Fabio J. Fernández Joins Greenwich House as Pottery Director
Greenwich House’s new Director of the Pottery Fabio J. Fernández measures his life against the maxim, “Realize your values in your work.” This immigrant son of a carpenter and a seamstress brings his desire to do good to an organization that has stood for over 120 years, doing good for countless New Yorkers. Established in 1902 as part of the “settlement house” movement, Greenwich House served Irish and Italian immigrants, offering social services and education to help them assimilate into American life. The art education programs grew out of training that provided young people with needed technical skills for employment in trades. Drawing on Italian culture, programs in woodworking, stone cutting, and technical drawing were some of the first courses offered. Pottery was introduced in 1909 and by the 1920s was an integral part of Greenwich House’s developing mission: to improve quality of life through creative work. Fernández stands ready to carry on this tradition, bringing his fifteen years of experience as Curator and Executive Director of Boston’s Society of Arts+Crafts.
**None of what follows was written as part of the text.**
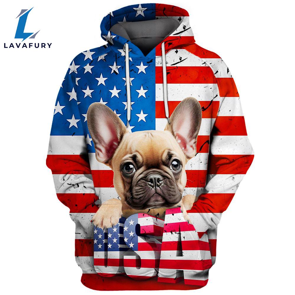 Product details: French Bulldog 4 3D Face Graphic Premium America Flag Hoodie For Lover Dogs

Fabio J. Fernández, Insulator Series, Glazed Ceramics, Less than 3 inches tall
Fernández considers himself a generalist in American Craft and is a noted sculptor. He earned his MFA at Cranbrook Academy of Art in Sculpture and has extensive experience in curating exhibitions. He began his journey, however, in the field of business, encouraged by his parents to earn a college degree and find a job that would provide a good wage and health insurance. With a BS in Business Management from Seton Hall University, he found employment with Prudential Insurance in Newark, NJ. He says, “It was not a good match.”
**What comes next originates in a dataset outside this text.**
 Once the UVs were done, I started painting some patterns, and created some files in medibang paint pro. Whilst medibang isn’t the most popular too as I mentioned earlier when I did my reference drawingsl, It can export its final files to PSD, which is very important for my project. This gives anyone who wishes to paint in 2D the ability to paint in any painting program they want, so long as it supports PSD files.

Realizing that he was not satisfied by where his parents’ idea of success had led him, he made a change. “I knew I wanted to do good and I wanted to somehow use my Spanish language,” he explains, “so I joined VISTA (Volunteers in Service to America) and ended up in a Texas border town on the Rio Grande.” He organized a barter program there for residents that enabled people to meet their needs and the needs of their neighbors outside of a monetary system. When his period of service was over, he took a position with Teach for America in Phoenix.
As part of his teaching assignment, he was asked to present an enrichment class in any subject. “It was supposed to be something you love,” he recalls, “and I didn’t know what I loved. I remembered a professor at Seton Hall, an art professor who taught a clay class that I took in my senior year, to fill an elective requirement. I recalled loving the class and doing well in it. The professor encouraged me to keep creative work in my life, somehow. So, I managed to get 500 pounds of clay donated to the school and at the age of 26, I knew I wanted to be an artist.”
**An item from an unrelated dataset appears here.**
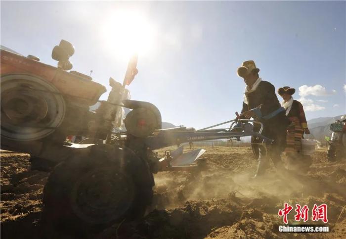 2015年3月16日,藏歷元月二十六,拉薩市堆龍德慶縣古榮鄉加入村村民的春耕儀式。根據藏族天文歷算,當日是一個適合春耕春播的良辰吉日。中新社記者 唐朝楊 攝

Fabio J. Fernández, Sculptures in Love with Architecture, Collaborative Series with Tom Lauerman, 2006-present.
With no formal training and no portfolio, Fernández enrolled in an MA program at Montclair State University and began to build his craft as a sculptor. From there he went on to earn an MFA in Sculpture at Cranbrook Academy of Art and was hired as Associate Curator at the Cranbrook Art Museum. His prior business experience served him well as he built a resume in arts administration. A move to Boston followed, where his future wife was working as an architect. He found a curator position at the Society for Arts+Crafts and twelve years later, became its Executive Director.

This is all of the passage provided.